**Aim of the task:** In your copy, leave out the pictures; write out all the data exactly.

**Raw data:**
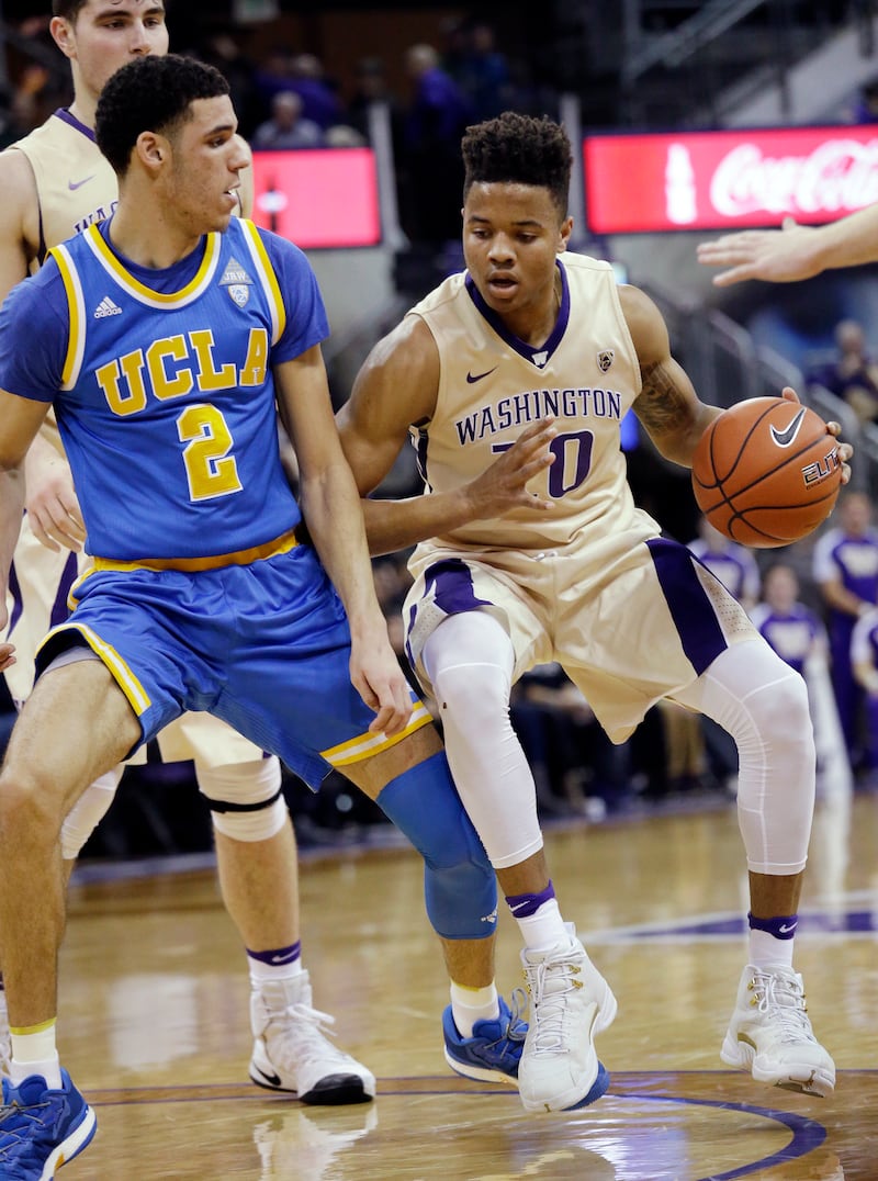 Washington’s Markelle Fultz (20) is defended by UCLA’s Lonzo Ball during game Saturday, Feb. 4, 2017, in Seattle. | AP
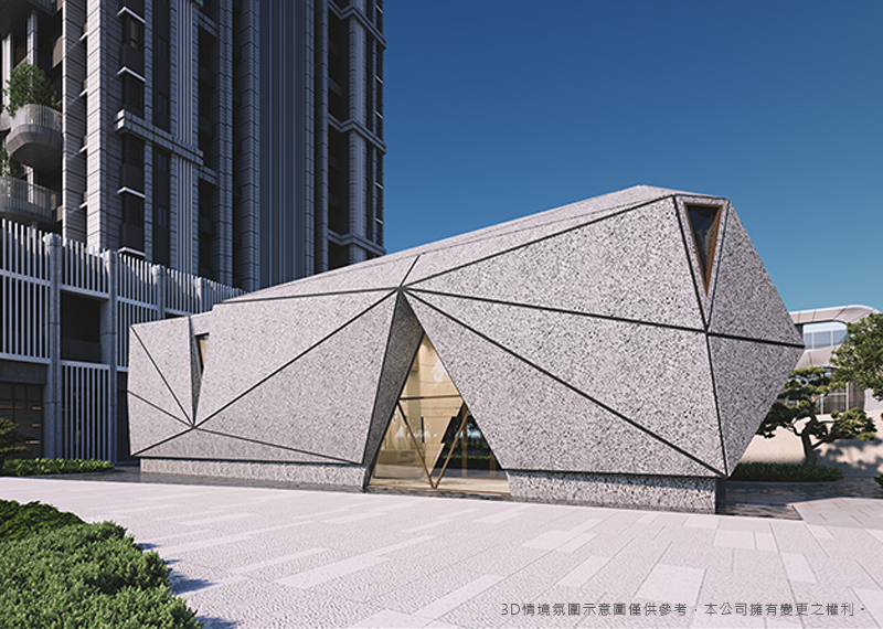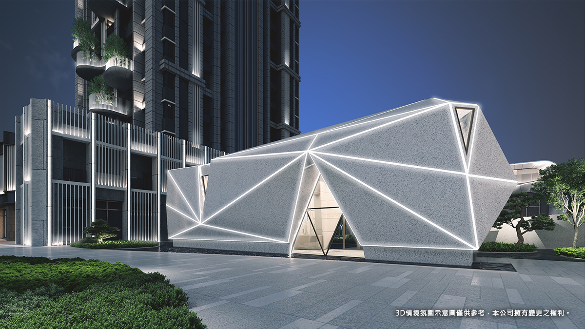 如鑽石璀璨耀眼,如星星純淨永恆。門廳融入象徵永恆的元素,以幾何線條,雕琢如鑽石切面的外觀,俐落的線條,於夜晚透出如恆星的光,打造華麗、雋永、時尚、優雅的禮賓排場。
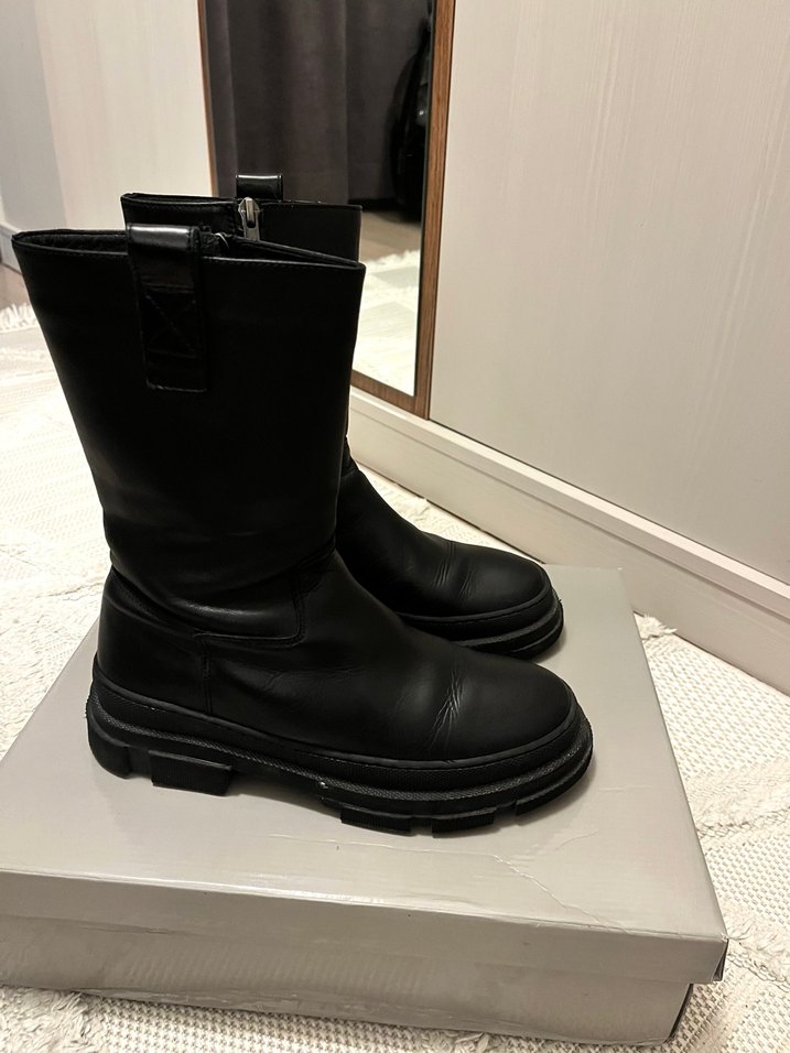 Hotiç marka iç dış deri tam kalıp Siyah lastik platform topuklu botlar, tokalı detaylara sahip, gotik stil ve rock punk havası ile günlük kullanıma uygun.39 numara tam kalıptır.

**Solution:**
 Washington’s Markelle Fultz (20) is defended by UCLA’s Lonzo Ball during game Saturday, Feb. 4, 2017, in Seattle. | AP
 如鑽石璀璨耀眼,如星星純淨永恆。門廳融入象徵永恆的元素,以幾何線條,雕琢如鑽石切面的外觀,俐落的線條,於夜晚透出如恆星的光,打造華麗、雋永、時尚、優雅的禮賓排場。
 Hotiç marka iç dış deri tam kalıp Siyah lastik platform topuklu botlar, tokalı detaylara sahip, gotik stil ve rock punk havası ile günlük kullanıma uygun.39 numara tam kalıptır.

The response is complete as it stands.